TASK TO COMPLETE: An exact repetition of all the entries that follow is required.

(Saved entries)

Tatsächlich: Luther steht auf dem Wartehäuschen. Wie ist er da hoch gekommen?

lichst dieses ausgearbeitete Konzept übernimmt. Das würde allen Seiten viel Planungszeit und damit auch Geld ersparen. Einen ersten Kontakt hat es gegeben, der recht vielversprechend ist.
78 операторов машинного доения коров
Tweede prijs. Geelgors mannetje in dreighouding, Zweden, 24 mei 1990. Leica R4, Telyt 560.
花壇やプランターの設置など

YOUR RESPONSE:
Tatsächlich: Luther steht auf dem Wartehäuschen. Wie ist er da hoch gekommen?

lichst dieses ausgearbeitete Konzept übernimmt. Das würde allen Seiten viel Planungszeit und damit auch Geld ersparen. Einen ersten Kontakt hat es gegeben, der recht vielversprechend ist.
78 операторов машинного доения коров
Tweede prijs. Geelgors mannetje in dreighouding, Zweden, 24 mei 1990. Leica R4, Telyt 560.
花壇やプランターの設置など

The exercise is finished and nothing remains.